Research Frontier: Contours and Topology Inside the Learning Loop

This section's objects are thriving inside modern pipelines. SAM 2 (Ravi et al., 2024, arXiv:2408.00714) made promptable segmentation a commodity, and the masks it emits are post-processed in production with exactly this section's toolkit: findContours, hole-aware hierarchies, polygon simplification for annotation formats, and descriptor gates to reject implausible masks; the measurement layer of Chapter 24's models is this chapter. Topology is becoming a training signal too: Betti-matching losses (Stucki et al., ICML 2023, with an efficient 3D extension in 2024) penalize a segmentation for predicting the wrong number of holes or components, differentiating the very quantities our hierarchy walk counted. And orientation-from-moments has a learned descendant: oriented-bounding-box heads in Ultralytics YOLO11 (2024) regress per-object angles end to end for aerial and industrial imagery, while the broader handcrafted-descriptor program of this section is carried forward by the learned representations of Chapter 25, which trade auditability for breadth.

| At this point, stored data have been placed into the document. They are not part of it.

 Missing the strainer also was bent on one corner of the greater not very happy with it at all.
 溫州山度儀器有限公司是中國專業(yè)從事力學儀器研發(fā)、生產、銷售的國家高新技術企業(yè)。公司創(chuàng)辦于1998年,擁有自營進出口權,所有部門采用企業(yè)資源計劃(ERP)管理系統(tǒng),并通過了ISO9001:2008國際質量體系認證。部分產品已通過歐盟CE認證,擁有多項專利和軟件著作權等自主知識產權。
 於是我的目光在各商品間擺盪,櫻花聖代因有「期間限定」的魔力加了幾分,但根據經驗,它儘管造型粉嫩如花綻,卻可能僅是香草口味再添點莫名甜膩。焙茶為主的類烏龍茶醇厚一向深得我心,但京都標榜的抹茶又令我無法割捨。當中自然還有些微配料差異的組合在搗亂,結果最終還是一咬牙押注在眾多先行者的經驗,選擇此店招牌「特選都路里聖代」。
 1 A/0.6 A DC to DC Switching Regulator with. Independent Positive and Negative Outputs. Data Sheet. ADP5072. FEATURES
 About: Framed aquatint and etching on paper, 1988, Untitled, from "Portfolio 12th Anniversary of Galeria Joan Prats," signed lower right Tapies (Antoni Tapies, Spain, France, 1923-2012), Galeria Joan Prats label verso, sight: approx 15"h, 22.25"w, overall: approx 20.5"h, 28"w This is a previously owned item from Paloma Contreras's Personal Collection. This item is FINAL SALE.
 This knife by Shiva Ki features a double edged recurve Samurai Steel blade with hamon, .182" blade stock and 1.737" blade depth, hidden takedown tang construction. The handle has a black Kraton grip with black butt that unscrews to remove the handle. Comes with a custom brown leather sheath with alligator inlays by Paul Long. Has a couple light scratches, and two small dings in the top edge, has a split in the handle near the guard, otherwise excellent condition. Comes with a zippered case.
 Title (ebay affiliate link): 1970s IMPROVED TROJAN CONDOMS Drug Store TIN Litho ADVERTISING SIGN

Exercise 6.6.1: One Bit of Handedness Conceptual

Show algebraically why mirroring an image about the $y$ axis negates every central moment $\mu_{pq}$ with odd $p$ and leaves the rest unchanged, and use this to argue that $\phi_1$ through $\phi_6$ are reflection-invariant while $\phi_7$ flips sign. Then explain why cv2.matchShapes cannot distinguish a part from its mirror image, and describe two industrial situations from this chapter's examples where that blindness is harmless and one where it ships the wrong part.

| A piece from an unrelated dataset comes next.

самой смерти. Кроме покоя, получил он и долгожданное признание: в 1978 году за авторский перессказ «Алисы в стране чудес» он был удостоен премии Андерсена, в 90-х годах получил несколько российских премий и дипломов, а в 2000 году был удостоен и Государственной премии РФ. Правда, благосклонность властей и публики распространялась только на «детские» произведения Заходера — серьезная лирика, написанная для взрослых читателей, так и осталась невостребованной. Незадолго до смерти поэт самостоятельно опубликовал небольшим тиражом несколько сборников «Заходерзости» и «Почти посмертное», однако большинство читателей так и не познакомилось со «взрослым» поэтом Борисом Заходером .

Exercise 6.6.2: An Alphabet Retrieval Engine Coding

Render the 26 uppercase letters as binary masks with cv2.putText at a large font size. Build a template library of log-scale Hu vectors, then query it with rotated (random angles) and rescaled (0.5x to 2x) versions of each letter using nearest neighbor on the Hu vectors, and separately with cv2.matchShapes. Report the confusion matrix for each method. Which letter pairs collapse under rotation invariance (consider N and Z, M and W under mirroring), and which descriptor from Section 4 would you add to break each tie?

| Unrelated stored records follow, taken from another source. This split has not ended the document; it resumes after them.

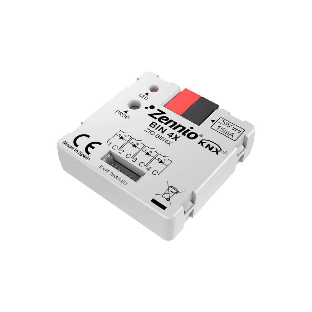 BIN 4X. Interface universelle avec 4 entrées binaires/sorties LED. Le BIN 4X est un module avec 4 canaux configurables comme entrées binaires ou sorties LED. Les entrées binaires peuvent être configurées comme capteurs, interrupteurs ou boutons poussoirs libres de potentiel. Les sorties binaires peuvent être utilisées pour des indicateurs LED à courant faible. Installation en boîtier encastrable standard.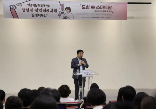 | ▲ 9월 4일 박강수 마포구청장이 인공지능과 함께하는 취창업 성공사례 릴레이 특강 참여자들에게 응원의 메시지를 전하고 있다. |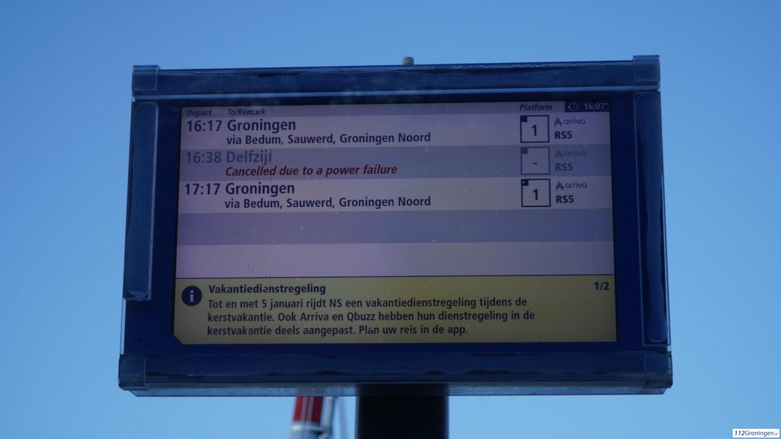 Stedum – Vanwege een forse stroomstoring Tweede Kerstdag rijden er tijdelijk geen Arriva treinen tussen Stedum en Delfzijl.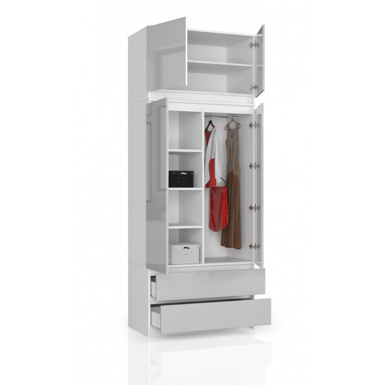 Šatníková skriňa s nadstavbou S90 2 dvierka 2 zásuvky biela/metalic lesk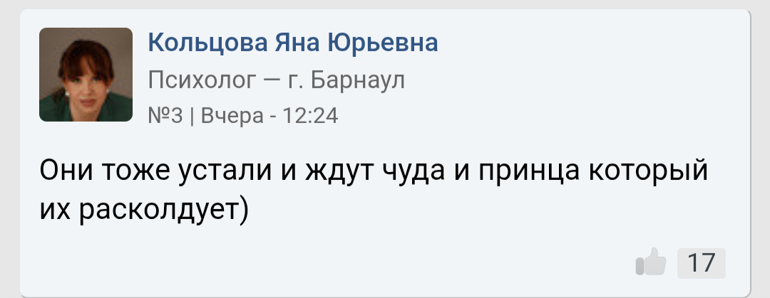 Спросите у успешных красивых женщин, сколько они тратят на уход в месяц))) Иногда это будет больше вашей зп, не обижайтесь, что женщины, которые выглядят охуенно, просят у партнера достойную сумму заработка. Потому что, скорее всего, они и сами классно заработают 🤷♀️ Потому что такие женщины хотят, чтобы их уровень жизни смогли потянуть. Если ей хватает на самолет первого класса, а ему не плацкарт и палатки, хотелось бы знать это на берегу. Они не просят, но кому хочется снижать свой уровень жизни, если партнер его не тянет."

Exercise 6.6.3: The Circularity Ceiling Analysis

Rasterize perfect disks of radius 2 to 200 pixels and plot measured circularity $4\pi A / P^2$ using cv2.contourArea and cv2.arcLength against radius. Explain the curve's small-radius behavior and its large-radius asymptote (it does not reach 1.0; quantify the gap and attribute it to the staircase perimeter bias of Section 2). Repeat with skimage.measure.perimeter_crofton, which estimates perimeter by the Crofton intersection formula, and recommend, with numbers, a minimum part diameter in pixels below which a circularity-based accept/reject gate should not be trusted.